**Your instructions**. Begin with the line that holds "下午,北京百思特草业有限公司" and retype through the last line of the listing below, exactly; pictures are not part of the copy.

**Data segment**.
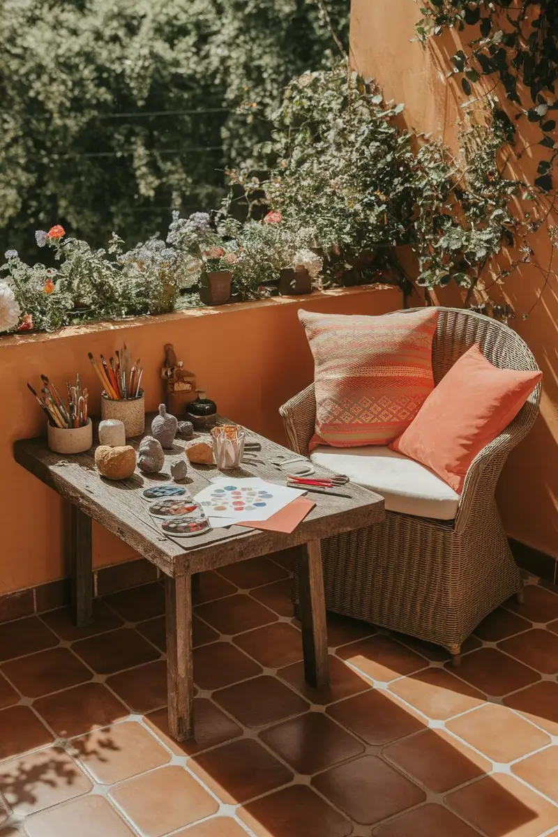 How fun would it be to have an arts and crafts station on your balcony? Lay out some cushions and bring your art supplies outside for a creative escape.
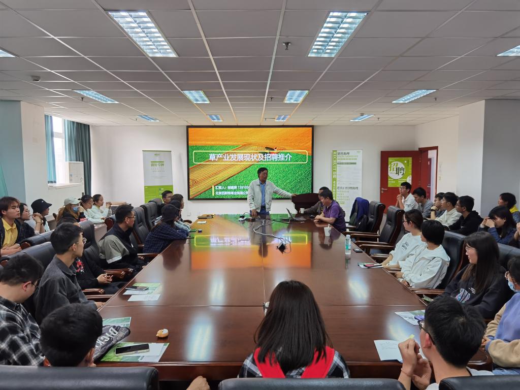 下午,北京百思特草业有限公司董事长邰建辉在7教307室举办了“草产业发展现状及招聘推介会”,向现场学生介绍了草学发展脉络、企业就业需求及行业前景。来自草学2019级的黄逸之听后谈到,“此次交流对我们的就业很有帮助,通过与草学企业的沟通和交流,不仅对草业行业有了更深入的了解,也对自己的职业发展有了新的方向和目标!”
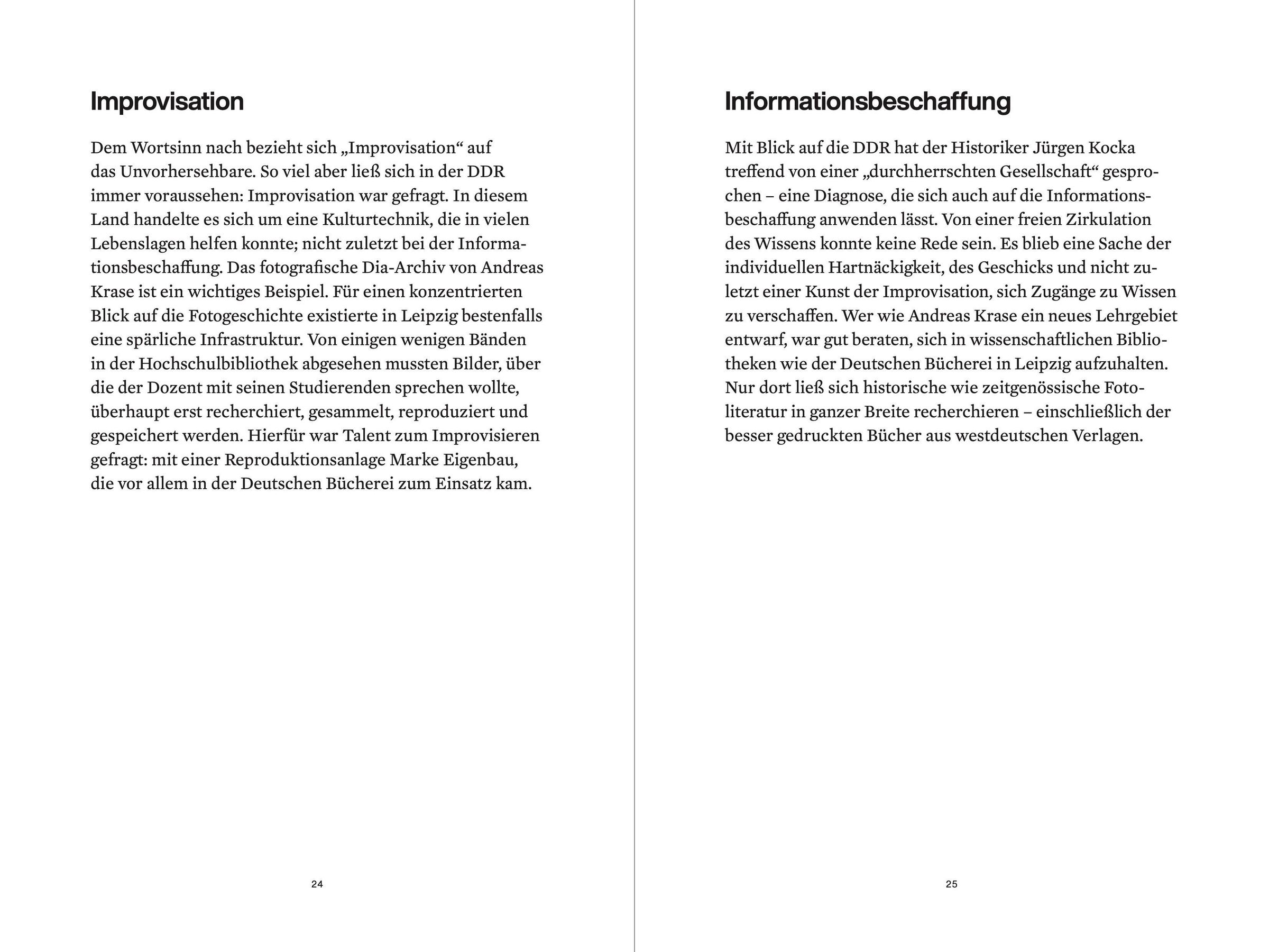 In Improvisierte Projektionen zeigen der Künstler Philipp Goldbach und der Fotohistoriker Steffen Siegel, wie in den späten Jahren der DDR Fotogeschichte erzählt worden ist. Von 1985 bis 1990 unterrichtete Andreas Krase an der Leipziger Hochschule für Grafik und Buchkunst und legte hierfür mit improvisierten Mitteln eine Diathek an. In ihrem visuell und lexikalisch angelegten Projekt überführen Goldbach und Siegel die Diathek in eine künstlerische Ordnung eigenen Rechts - ein neuer KONTEXT-Band, der über die Möglichkeiten und Grenzen der Wissenszirkulation in der späten DDR nachdenken lässt.

**Answer to this problem**.
 下午,北京百思特草业有限公司董事长邰建辉在7教307室举办了“草产业发展现状及招聘推介会”,向现场学生介绍了草学发展脉络、企业就业需求及行业前景。来自草学2019级的黄逸之听后谈到,“此次交流对我们的就业很有帮助,通过与草学企业的沟通和交流,不仅对草业行业有了更深入的了解,也对自己的职业发展有了新的方向和目标!”
 In Improvisierte Projektionen zeigen der Künstler Philipp Goldbach und der Fotohistoriker Steffen Siegel, wie in den späten Jahren der DDR Fotogeschichte erzählt worden ist. Von 1985 bis 1990 unterrichtete Andreas Krase an der Leipziger Hochschule für Grafik und Buchkunst und legte hierfür mit improvisierten Mitteln eine Diathek an. In ihrem visuell und lexikalisch angelegten Projekt überführen Goldbach und Siegel die Diathek in eine künstlerische Ordnung eigenen Rechts - ein neuer KONTEXT-Band, der über die Möglichkeiten und Grenzen der Wissenszirkulation in der späten DDR nachdenken lässt.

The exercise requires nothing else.